1/27/2016- David Lazer (Harvard)- Tools for 21st Century Social Science

Presentation Date: 

Wednesday, January 27, 2016

Abstract: Developments at the intersection of the social sciences, computer science, and the Internet have opened up new vistas for studying social systems. These opportunities often come with substantial start up costs. For example, the Internet enables experiments at larger scale/lower costs than was previously conceivable. However, the start up cost for managing/coding online experiments can still be substantial. I will discuss two data infrastructures that my lab has been working on.  The first is Volunteer Science (www.VolunteerScience.com).
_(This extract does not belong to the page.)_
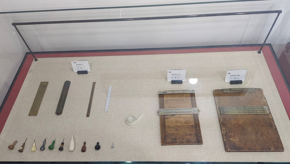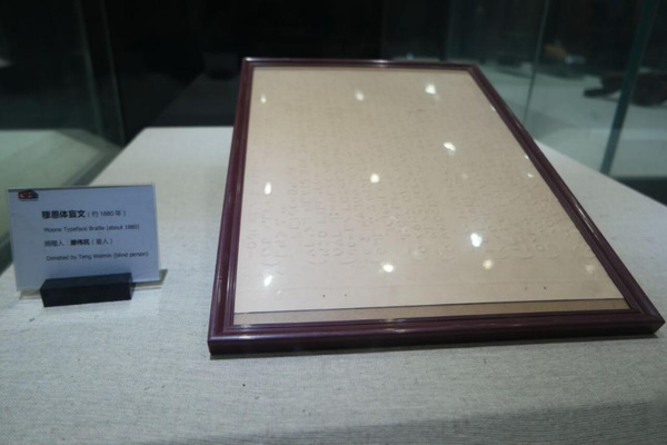 紧接着,我看到了中国特殊教育博物馆的镇馆之宝——穆恩体盲文,它在一个并不起眼的角落,后来经过了解才知道,它虽然发明时间早,但却没有被广泛使用,因为它学习门槛高,难记难摸。说它是镇馆之宝是因为穆恩体盲文在中国大陆仅存6页,而中国特殊教育博物馆收藏的这是第三页。这种盲文主要由一些圆圈、折线、点组成,形体上只部分保留了罗马字母的轮廓,以最简单的线条来表示文字,字体上都是凸起的线条形式,看上去像一种简单的线条。

Volunteer Science is a platform which enables easy management of online experiments, integrates with existing infrastructures, such as Qualitrix and Mechanical Turk, and reduces coding overhead for experiments that require synchronous communication amongst groups. It also offers a large, international, volunteer sample of subjects.  The second infrastructure is an open, disambiguated version of political contribution (FEC) data. Political contribution data are incredibly rich and complex, spanning 36 years, with geographic, occupational, temporal, and employment information.  However, their scale and their messiness—most notably, absence of unique identifiers for individuals—have impeded scientific progress. We will be offering an open methodology (as well as a published data set with unique identifiers—with early access to seminar attendees) for disambiguating political contribution data, which I will outline in this talk.